En attendant, on admet toujours que la cellule ne se dédifférencie pas sous l'influence d'une seule cause : le cancer est l'étape ultime d'une histoire. Néanmoins, les chercheurs gardent l'espoir (et la crainte) de cerner finement un modèle de cancérisation. C'est pourquoi ils se penchent sur le virus, agent causal sujet à caution, mais merveilleux outil de travail comparativement aux substances chimiques et aux agents physiques, qui créent au bout de longs mois des lésions mal définies et incontrôlables. Trouvera-t-on un modèle de dédifférenciation suffisamment fondamental pour être unique ?

À cette question, on peut répondre qu'il y a une centaine d'années le fameux moine Mendel a découvert en expérimentant sur des petits pois les règles de base de la génétique, valables aussi bien chez les végétaux que chez l'homme.

Le problème du vaccin anticancer

Qui dit virus dit vaccin, sérum à plus ou moins lointaine échéance.
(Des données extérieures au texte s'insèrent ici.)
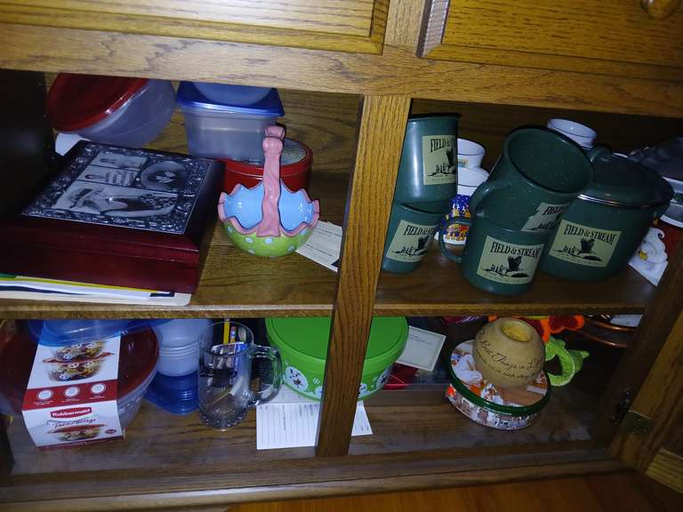 LOT 44 - Contents of side server: plates, cups, Field & Stream enamel cups, plasticware

Tout en gardant foi dans sa discipline, l'immunologiste demeure réservé, car l'immunothérapie présente trois caractères importants :
– D'étroites limites : on admet qu'en stimulant activement, mais non spécifiquement les défenses immunitaires d'un organisme au moyen du BCG ou d'un autre bacille atténué, on peut éliminer de 10 000 à 100 000 cellules. Or, une tumeur de 1 g compte environ un milliard de cellules. Cette forme d'immunothérapie est surtout employée dans le cas des leucémies en rémission ;
– Des difficultés : l'antigénicité de certaines tumeurs d'origine virale (c'est-à-dire leur pouvoir de susciter la formation d'anticorps) est admise, mais le vaccin antivirus est encore du domaine des espérances lointaines. Dans le cas des tumeurs provoquées par des agents chimiques ou physiques, les anticorps sont différents pour chaque malade. Il faudrait faire un vaccin particulier pour chaque cas ;
– Des dangers : l'expérimentation sur l'animal a montré que les cellules cancéreuses pouvaient se trouver paradoxalement protégées par les sérums, auquel cas la tumeur se développe de façon galopante et échappe à toute thérapeutique ultérieure.

Offensive de la tuberculose et de la syphilis

La menace de la rage a suscité quelque alarme (Journal de l'année 1968-69) ; d'autres maladies infectieuses, que chacun peut assez facilement contracter, semblent, à tort, oubliées du public. Le vieux péril vénérien n'effraie plus. La tuberculose, pas davantage. Ces infections restent pourtant dangereuses et posent un problème.

Les déserteurs du BCG

Tandis que — par des mesures draconiennes — la Hollande et le Danemark ont pratiquement éradiqué la tuberculose de leur territoire, la France détient les chiffres records pour tous les pays européens, avec quelque 45 000 nouveaux cas chaque année, et une mortalité de 10,1 pour 100 000 habitants, soit 5 261 décès en 1968. À cette permanence d'une maladie parfaitement curable, et que l'on peut éviter, il y a plusieurs raisons. Tout d'abord, un certain pourcentage de travailleurs émigrants arrivent en France malades ou, assez sensibles au bacille de Koch, deviennent tuberculeux, se soignent mal et sont contagieux. D'autre part, le BCG se heurte à un préjugé tenace : 40 à 50 % des assujettis échappent à la vaccination grâce à des certificats (complaisants) de contre-indication. À noter aussi qu'un BCG qui ne donne pas ou ne donne plus lieu à une intra-dermo réaction positive n'a aucune valeur. La durée de la protection induite est très variable selon les individus et doit être contrôlée une fois par an. Si la zone d'induration produite par l'allergie à la tuberculine décroît ou disparaît, c'est que l'immunité conférée par le bacille de Calmette et Guérin décroît également ou disparaît, et il est nécessaire alors de procéder à une seconde vaccination.

Ce sont enfin les malades eux-mêmes qu'il faut incriminer. Comme la tuberculose exige un traitement de douze à dix-huit mois et comme certains antibiotiques présentent des inconvénients secondaires mineurs, la tentation est grande, soit d'abandonner prématurément toute médication, soit de faire un tri parmi les remèdes.